Heinz Fricke withdraws from Washington National Opera fall engagements

Health issues have caused Washington National Opera music director Heinz Fricke to withdraw from conducting the company's production of Ariadne auf Naxos (Oct. 24 - Nov. 13) and a concert version of Götterdämmerung (Nov. 7 and 15). Andreas Delfs will take over the Strauss work, Philippe Auguin the Wagner. Last season, Fricke had to skip WNO's Siegfried production as well; he was recovering from heart surgery.

A press release quotes Fricke from his home base, Berlin: “I was so looking forward to being in Washington with my orchestra, especially for such stunning works as Ariadne and Götterdämmerung. Ultimately though, it is in my best interest to heed my doctors’ advice and therefore regret I am not able to make the trip to Washington. Given the reality of the situation, I am honored to pass the baton to maestros Delfs and Auguin; WNO audiences should be quite pleased to have such experts in the pit.”

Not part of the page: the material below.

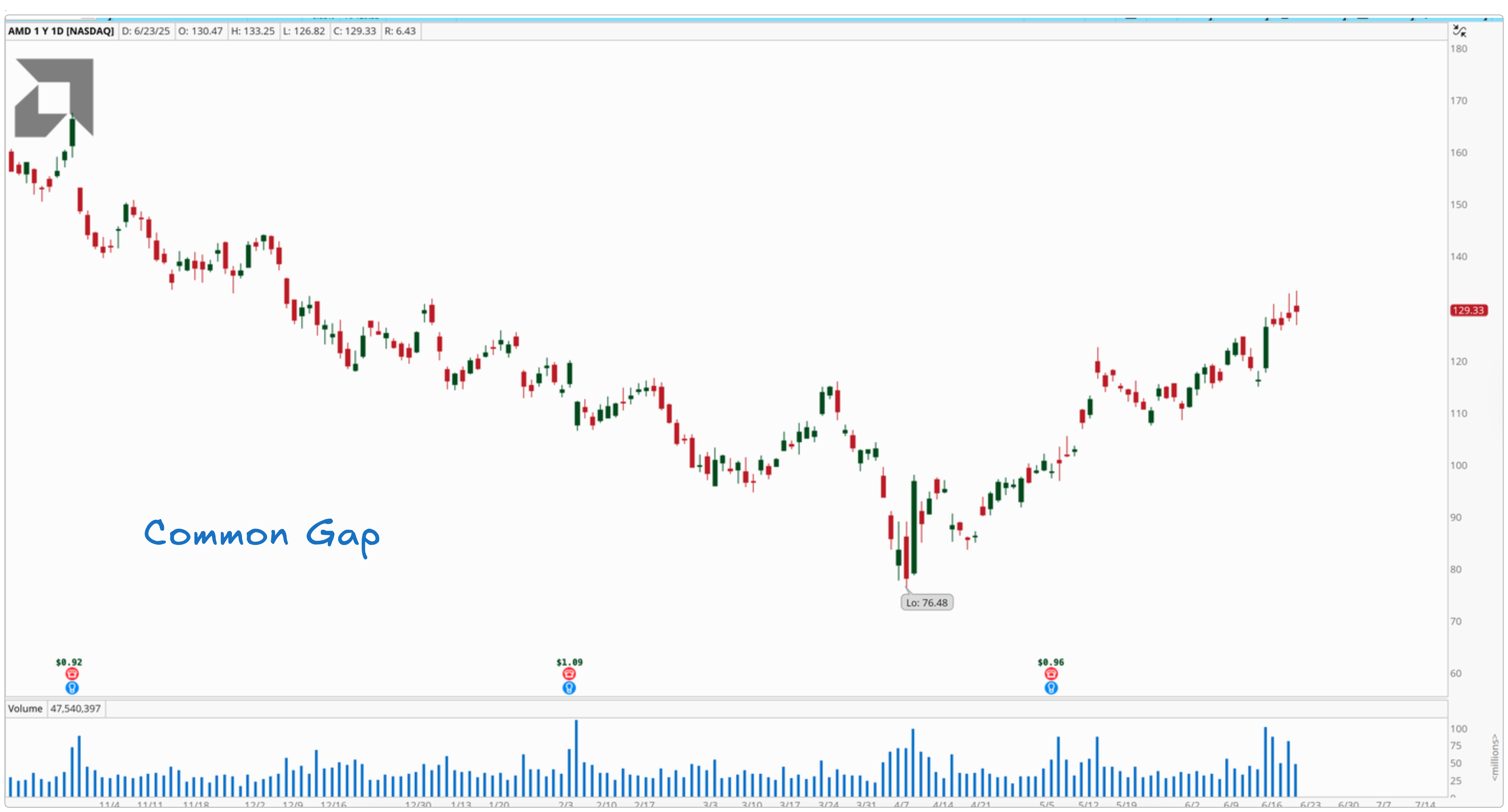 Not all gaps have a clear reason, though. Sometimes stocks gap up or down for no obvious reason. These are called “common gaps,” and they’re usually not worth trading.

From WNO's general director Plácido Domingo: “Heinz Fricke is a beloved member of the WNO family, and a maestro in the truest sense of the word. His expertise in the music of Strauss, with whom he studied, and of Wagner would have made for thrilling performances. We are all disappointed that he is not able to be with us this fall, but are pleased that his health is progressing well. We wish him all the best.”

Delfs and Auguin will be making their WNO debuts. 

Posted by Tim Smith at 4:57 PM | | Comments (2)
        

Comments

I hate saying this, hate it because Fricke did such a wonderful job improving the orchestra, but the Washington National Opera should think about getting a new music director. Who, for example, is auditioning the new players in the orchestra?

Maestro Fricke, at least until 2004 sat on auditions as far as I know. I played (am a pianist/coach) for some of them. He was there!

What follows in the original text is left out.